When the Star Belly Sneetches had frankfurter roasts
Or picnics or parties or marshmallow toasts,
They never invited the Plain-Belly Sneetches
They left them out cold, in the dark of the beaches.
They kept them away. Never let them come near.
And that’s how they treated them year after year.

Then ONE day, it seems while the Plain-Belly Sneetches
Were moping and doping alone on the beaches,
Just sitting there wishing their bellies had stars,
A stranger zipped up in the strangest of cars!

“My friends”, he announced in a voice clear and clean,
“My name is Sylvester McMonkey McBean.
And I’ve heard of Your troubles. I’ve heard you’re unhappy.
But I can fix that, I’m the Fix-It-Up Chappie. 

I’ve come here to help you.
I have what you need.
And my prices are low. And I work with great speed.
And my work is one hundred per cent guaranteed!”

Then, quickly, Sylvester McMonkey McBean
Put together a very peculiar machine.
And he said, “You want stars like a Star-Belly Sneetch?
My friends, you can have them for three dollars each!”

“Just pay me your money and hop right aboard!”
So they clambered inside. Then the big machine roared.
And it klonked. And it bonked. And it jerked. And it berked.
And it bopped them about. But the thing really worked!
When the Plain-Belly Sneetches popped out, they had stars!
They actually did. They had stars upon thars!

Then they yelled at the ones who had stars at the start,

"We're exactly like you! You can't tell us apart.
We're all just the same, now, you snooty old smarties!
And now we can go to your frankfurter parties."

"Good grief!" groaned the ones who had stars on at the first. “We’re still the best Sneetches and they are the worst.
But now, how in the world will we know”, they all frowned,
“If which kind is what, or the other way round?”

Then up came McBean with a very sly wink. 
And he said, “Things are not quite as bad as you think. 

So you don’t know who’s who. That is perfectly true.
But come with me, friends. Do you know what I’ll do?
I’ll make you, again, the best Sneetches on the beaches.
And all it will cost you is ten dollars eaches.”

“Belly stars are no longer in style”, said McBean.
“What you need is a trip through my Star-Off Machine.
This wondrous contraption will take OFF your stars
so you won’t look like Sneetches that have them on thars.”

And that handy machine working very precisely
Removed all the stars from their tummies quite nicely.

Then, with snoots in the air, they paraded about.
And they opened their beaks and they let out a shout,
“We know who is who! Now there Isn’t a doubt.
The best kind of Sneetches are Sneetches without!”

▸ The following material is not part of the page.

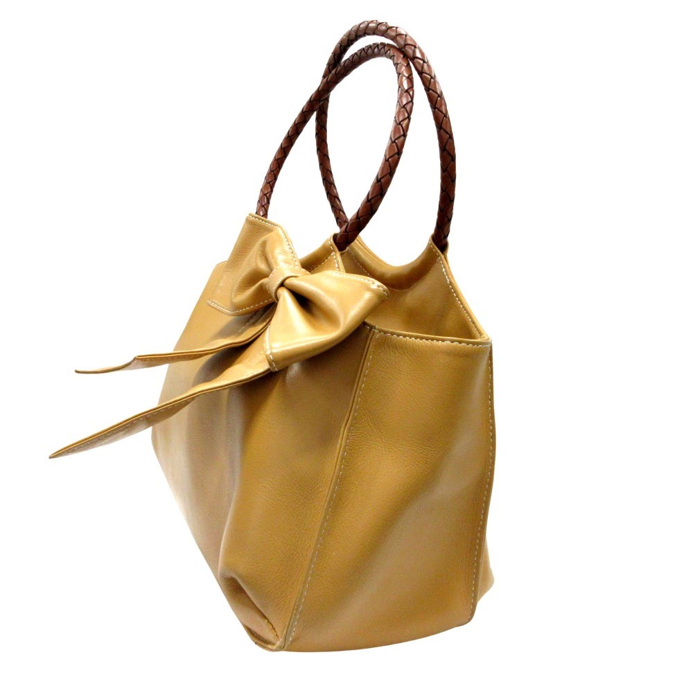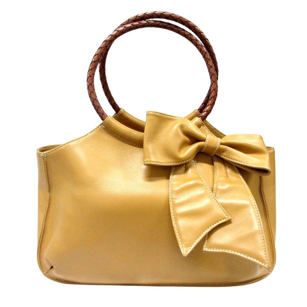 商品名:Kitamura キタムラ レザー リボン ハンドバッグ 編み込みハンドル 本革 かばん 鞄 ベージュ キャメル
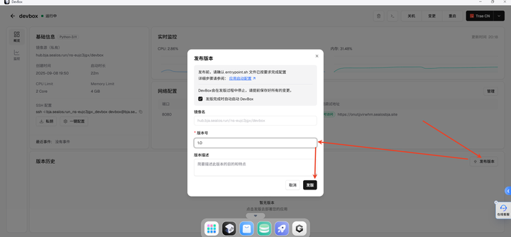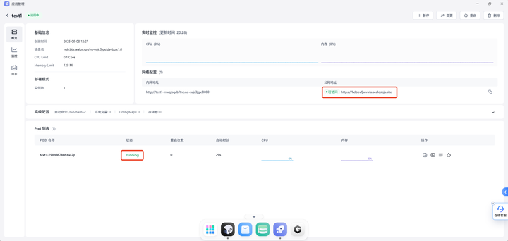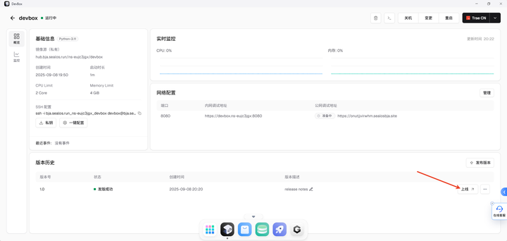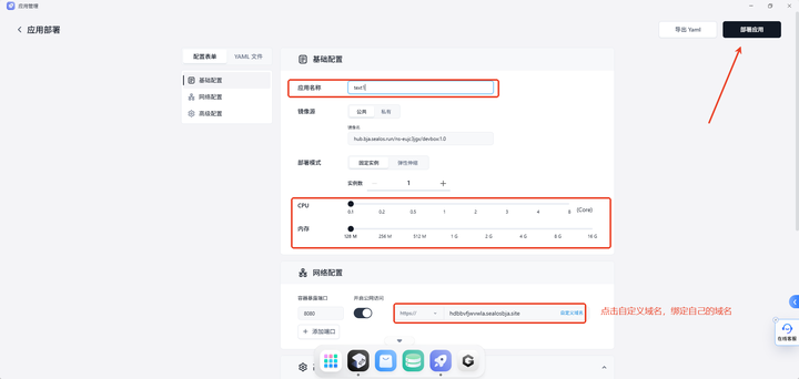 点击上线,发布至生产环境,根据项目大小,调整cpu内存,也可以绑定自己的域名

Then, of course, those with stars got all frightfully mad.
To be wearing a star was frightfully bad.
Then, of course, old Sylvester McMonkey McBean
invited THEM into his Star-Off Machine.

Then, of course from THEN on, as you probably guess,
Things really got into a horrible mess.

All the rest of that day, on those wild screaming beaches,
The Fix-It-Up Chappie kept fixing up Sneetches.
Off again! On again! In again! Out again!
Through the machines they raced round a
nd about again,

Changing their stars every minute or two. They kept paying money.
They kept running through until the Plain nor the Star-Bellies knew
Whether this one was that one or that one was this one. Or which one
Was what one or what one was who.

Then, when every last cent of their money was spent,
The Fix-It-Up Chappie packed up. And he went.
And he laughed as he drove In his car up the beach,
“They never will learn. No. You can’t Teach a Sneetch!”

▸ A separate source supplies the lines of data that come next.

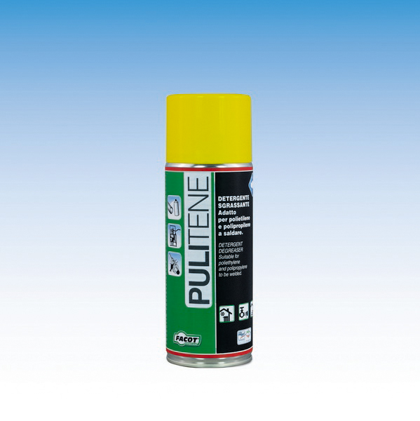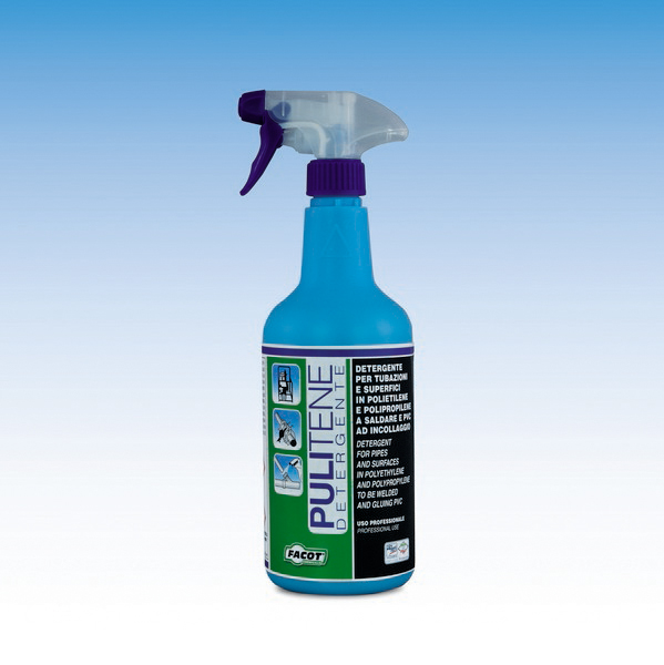 Speciale solvente in flacone con spruzzatore per la pulizia del polietilene e polipropilene a saldare e PVC a incollaggio
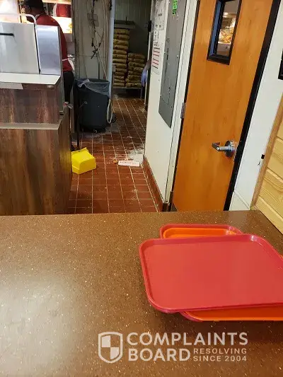This is the floor at popeye's chicken on route 159 in fairview heights Ill, where my wife and I was sold some refried stale old dry black chicken, with a all black rude uncaring crew, and a manager that's hidden by the workers.
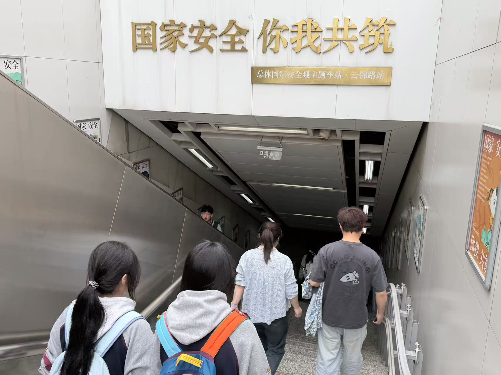 当日下午,记者从地铁4号线云锦路站1号口沿台阶下行,抬眼便可见“国家安全你我共筑”醒目牌,这便是南京依托该站打造的总体国家安全观主题站。台阶、电扶梯两侧,张挂着各类国家安全内容的小海报,涉及核安全、太空安全、深海安全等多元内容。进入通道,大型主题展板形成了一条国家安全教育风景线。
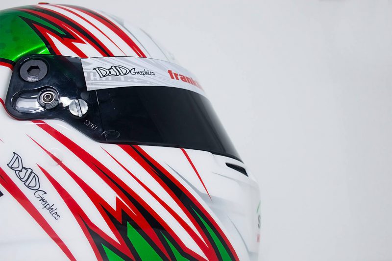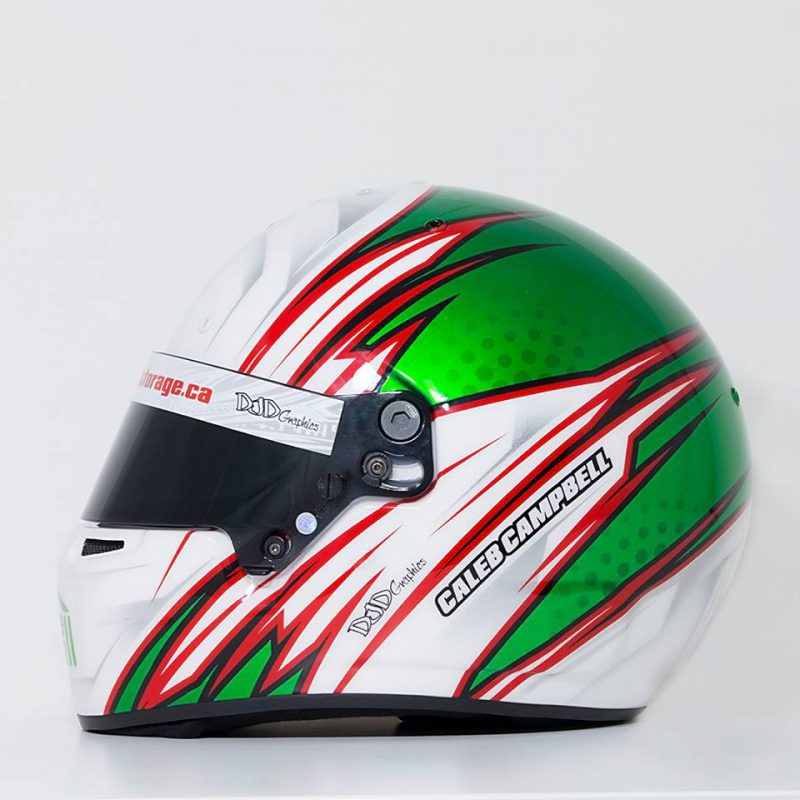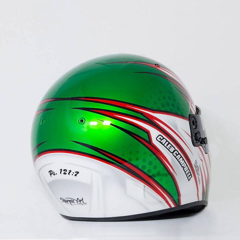 Caleb Campbell’s fresh looking Bell RS7K karting helmet I painted for him here at DJD Graphics. Sporting his sharp looking matching DJD Graphics kart wrap.

But McBean was quite wrong. I’m quite happy to say.
That the Sneetches got really quite smart on that day.
The day they decided that Sneetches are Sneetches.
And no kind of Sneetch is the best on the beaches.
That day, all the Sneetches forgot about stars and whether
They had one, or not, upon thars.

So anyway I loveee this story! So I'm not gonna read the whole thing to the class, because Brother Snell mightt dump a bucket of water on my head for taking up the entire class time. So I'm gonna read the lines that are written in blue.

And then I'ma talk. This is prolly what I'll say....

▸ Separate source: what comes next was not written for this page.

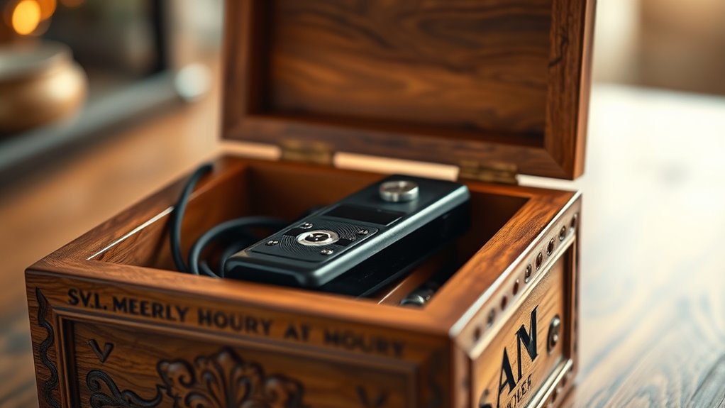 You might wonder how secure your stored audio data is. Voice-recorded keepsake boxes often use data encryption to protect your privacy, making unauthorized access difficult. While they typically have security measures, consider privacy concerns, especially if the device connects to the internet. You can enhance security by regularly updating firmware and choosing devices with strong encryption protocols, giving you peace of mind knowing your cherished memories stay private.
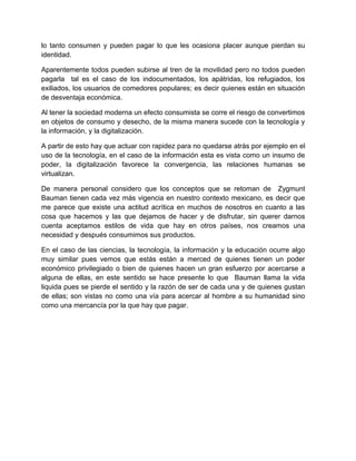 Este documento resume el concepto de "vida líquida" de Zygmunt Bauman y cómo se aplica a la sociedad contemporánea. La vida líquida se refiere a que las condiciones y relaciones cambian rápidamente en lugar de consolidarse, creando incertidumbre. También discute cómo la tecnología y el consumismo dominan, convirtiendo a las personas en objetos desechables. Finalmente, argumenta que los conceptos de Bauman son relevantes para México, donde la vida líquida domina y las personas aceptan estilos de vida impuestos.

Soo I really like this story because even though it's about Sneetches it can be applied to our finances. There is a quote and I couldn't find who said it but it is something like, "Don't spend your money on that which has no worth." And ultimately that is exactly what the Sneetches did. They spent everything on a fashion trend and it really didn't matter if they had stars on thars or not because the next moment they were out of style and they went back and did it all again. So it was really just silly of them. But at least in the end they learned a good lesson?? "That Sneetches are Sneetches and no kind of Sneetch is best on the beaches." But it prolly would've been better for them if they had figured it out pre-bankruptcy.

1 comment:

  1. that sounds so cute nicole! you'll be everyone's favorite presentation! (ps, if you wanted to shorten it even moooore, you could just summarize what happened instead :) )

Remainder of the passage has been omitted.